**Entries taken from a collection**
-- -- --
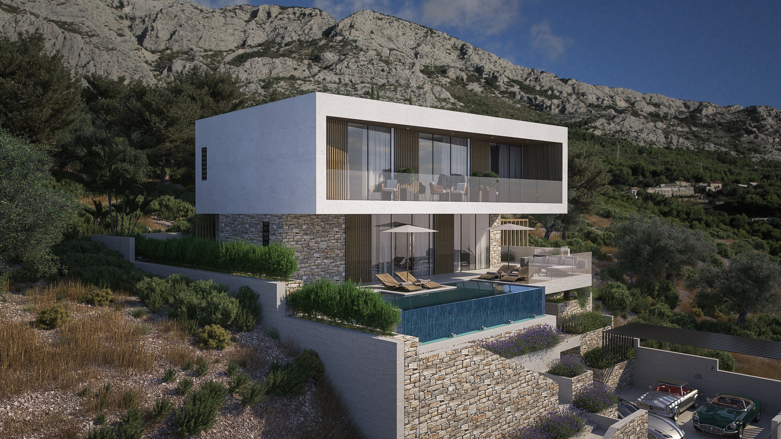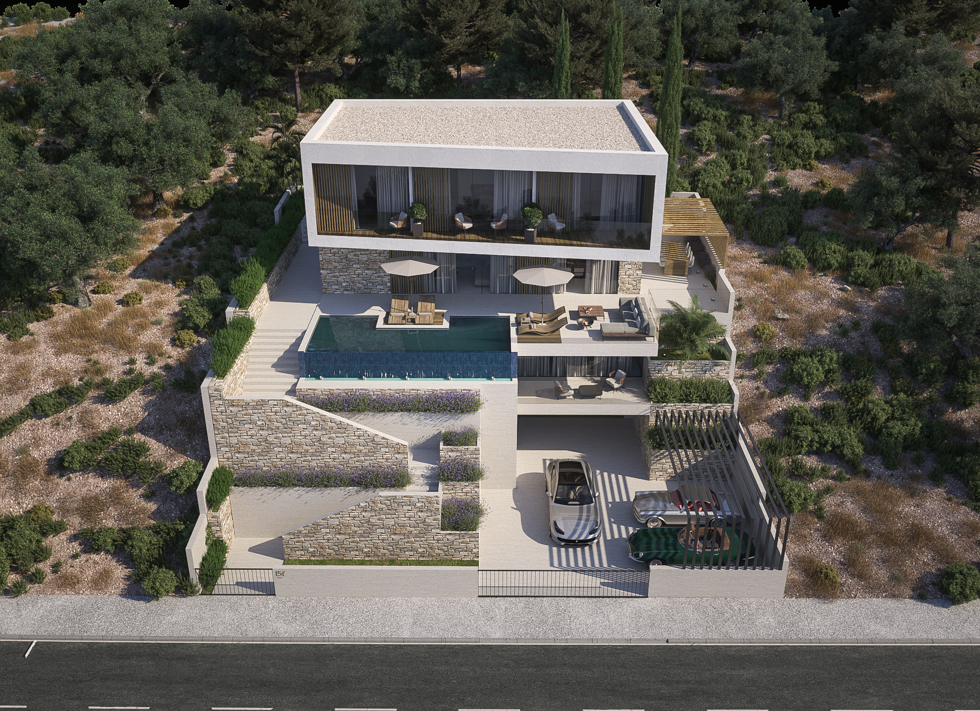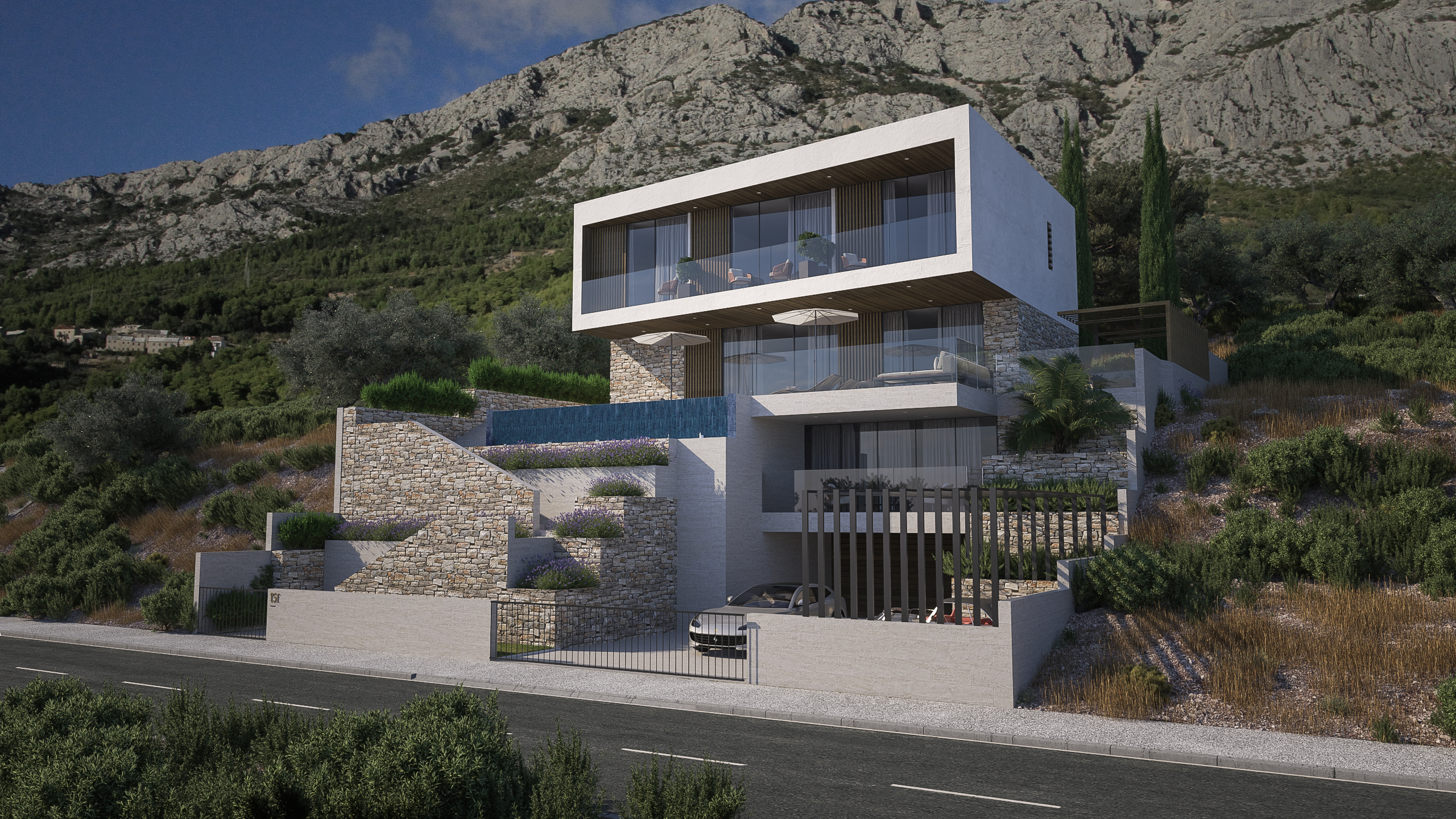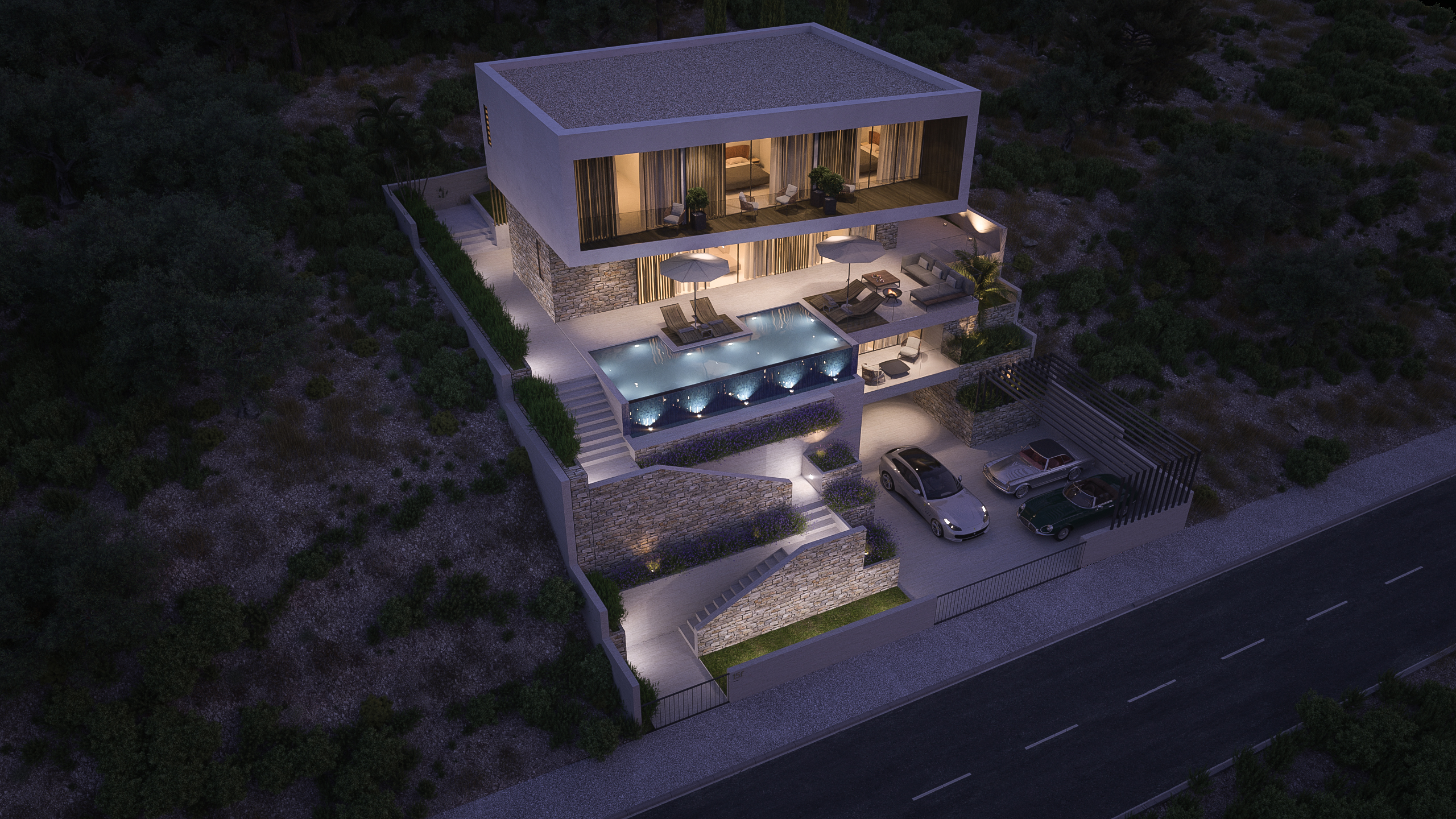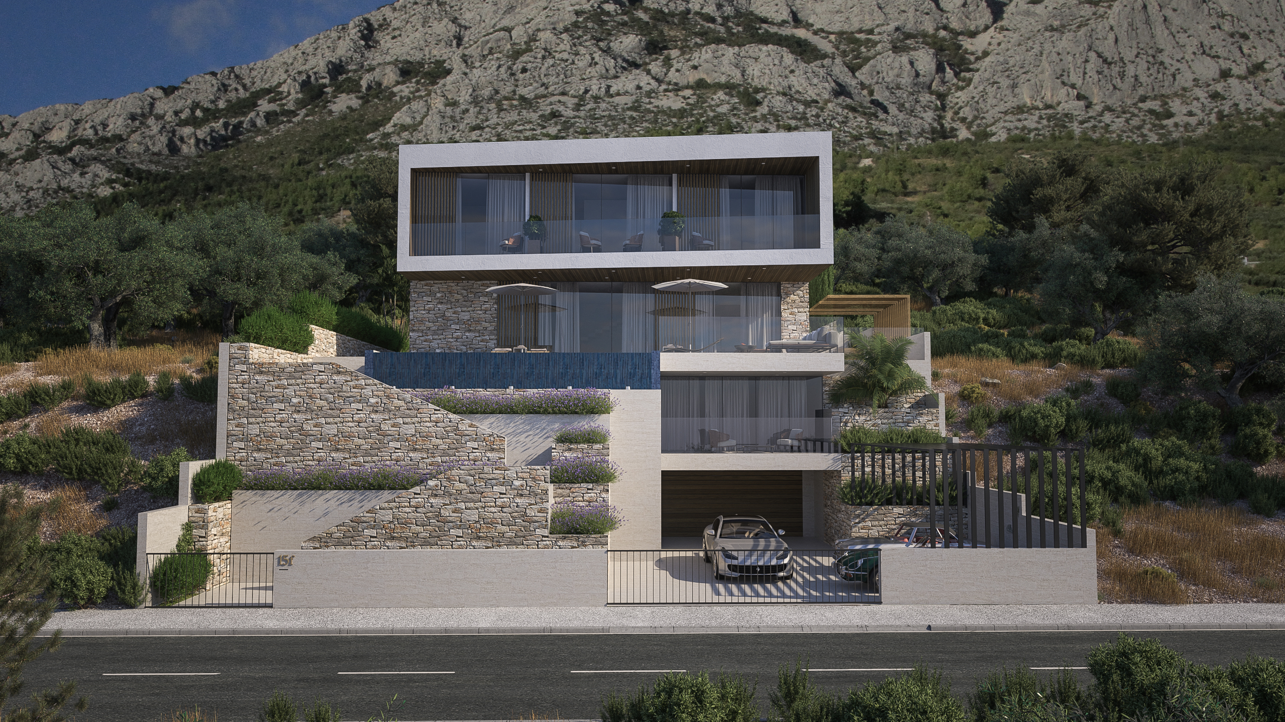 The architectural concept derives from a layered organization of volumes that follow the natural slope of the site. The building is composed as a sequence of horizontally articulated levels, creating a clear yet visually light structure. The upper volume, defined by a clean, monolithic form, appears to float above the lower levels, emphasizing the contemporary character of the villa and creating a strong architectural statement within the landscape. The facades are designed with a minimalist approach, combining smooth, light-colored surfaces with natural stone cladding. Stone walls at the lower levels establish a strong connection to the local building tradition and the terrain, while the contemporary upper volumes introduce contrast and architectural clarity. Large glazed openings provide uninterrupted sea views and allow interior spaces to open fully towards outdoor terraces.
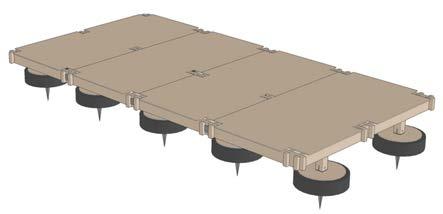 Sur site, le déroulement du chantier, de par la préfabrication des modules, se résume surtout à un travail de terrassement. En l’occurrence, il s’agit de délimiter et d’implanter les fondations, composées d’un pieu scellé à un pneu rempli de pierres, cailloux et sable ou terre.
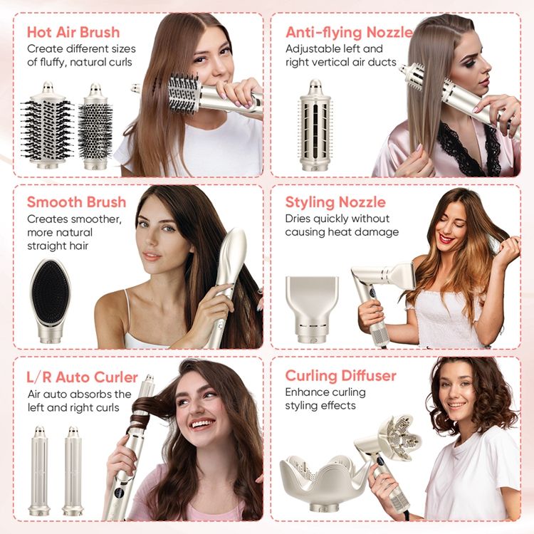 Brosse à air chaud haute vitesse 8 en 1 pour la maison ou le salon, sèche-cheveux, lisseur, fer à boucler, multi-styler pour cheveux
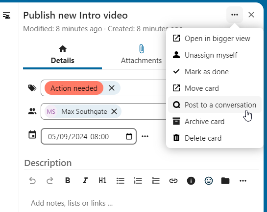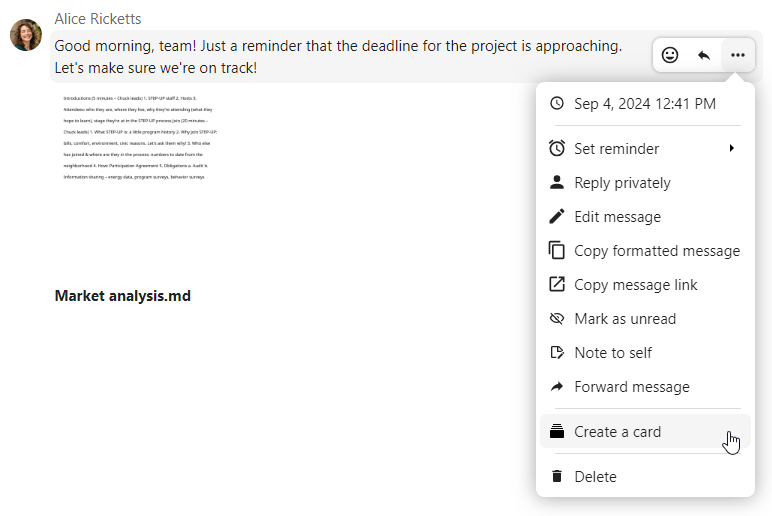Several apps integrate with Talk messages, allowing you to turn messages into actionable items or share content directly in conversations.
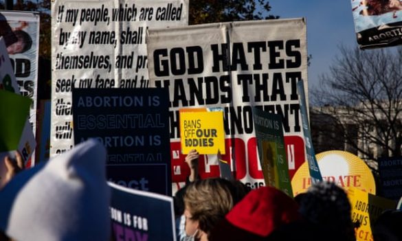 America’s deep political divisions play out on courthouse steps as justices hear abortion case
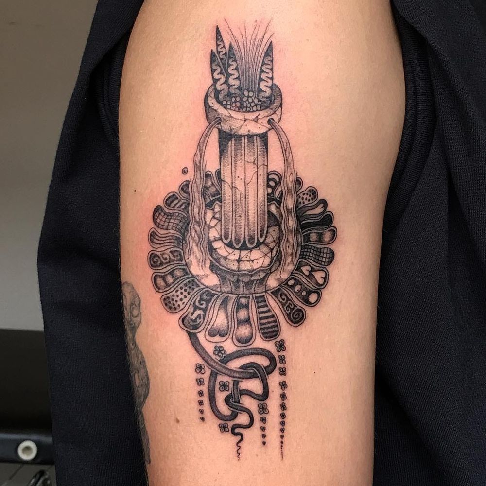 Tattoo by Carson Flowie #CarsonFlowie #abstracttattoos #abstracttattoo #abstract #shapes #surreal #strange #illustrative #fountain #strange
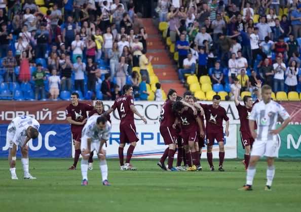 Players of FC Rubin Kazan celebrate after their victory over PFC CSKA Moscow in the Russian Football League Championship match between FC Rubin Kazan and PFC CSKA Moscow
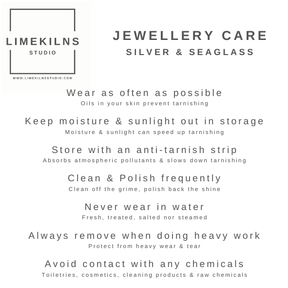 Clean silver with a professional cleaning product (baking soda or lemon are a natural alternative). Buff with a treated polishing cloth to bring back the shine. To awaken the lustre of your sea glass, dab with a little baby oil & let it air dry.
-- -- --
Copy the entries exactly. No pictures.

**Answer to this exercise**
 The architectural concept derives from a layered organization of volumes that follow the natural slope of the site. The building is composed as a sequence of horizontally articulated levels, creating a clear yet visually light structure. The upper volume, defined by a clean, monolithic form, appears to float above the lower levels, emphasizing the contemporary character of the villa and creating a strong architectural statement within the landscape. The facades are designed with a minimalist approach, combining smooth, light-colored surfaces with natural stone cladding. Stone walls at the lower levels establish a strong connection to the local building tradition and the terrain, while the contemporary upper volumes introduce contrast and architectural clarity. Large glazed openings provide uninterrupted sea views and allow interior spaces to open fully towards outdoor terraces.
 Sur site, le déroulement du chantier, de par la préfabrication des modules, se résume surtout à un travail de terrassement. En l’occurrence, il s’agit de délimiter et d’implanter les fondations, composées d’un pieu scellé à un pneu rempli de pierres, cailloux et sable ou terre.
 Brosse à air chaud haute vitesse 8 en 1 pour la maison ou le salon, sèche-cheveux, lisseur, fer à boucler, multi-styler pour cheveux
Several apps integrate with Talk messages, allowing you to turn messages into actionable items or share content directly in conversations.
 America’s deep political divisions play out on courthouse steps as justices hear abortion case
 Tattoo by Carson Flowie #CarsonFlowie #abstracttattoos #abstracttattoo #abstract #shapes #surreal #strange #illustrative #fountain #strange
 Players of FC Rubin Kazan celebrate after their victory over PFC CSKA Moscow in the Russian Football League Championship match between FC Rubin Kazan and PFC CSKA Moscow
 Clean silver with a professional cleaning product (baking soda or lemon are a natural alternative). Buff with a treated polishing cloth to bring back the shine. To awaken the lustre of your sea glass, dab with a little baby oil & let it air dry.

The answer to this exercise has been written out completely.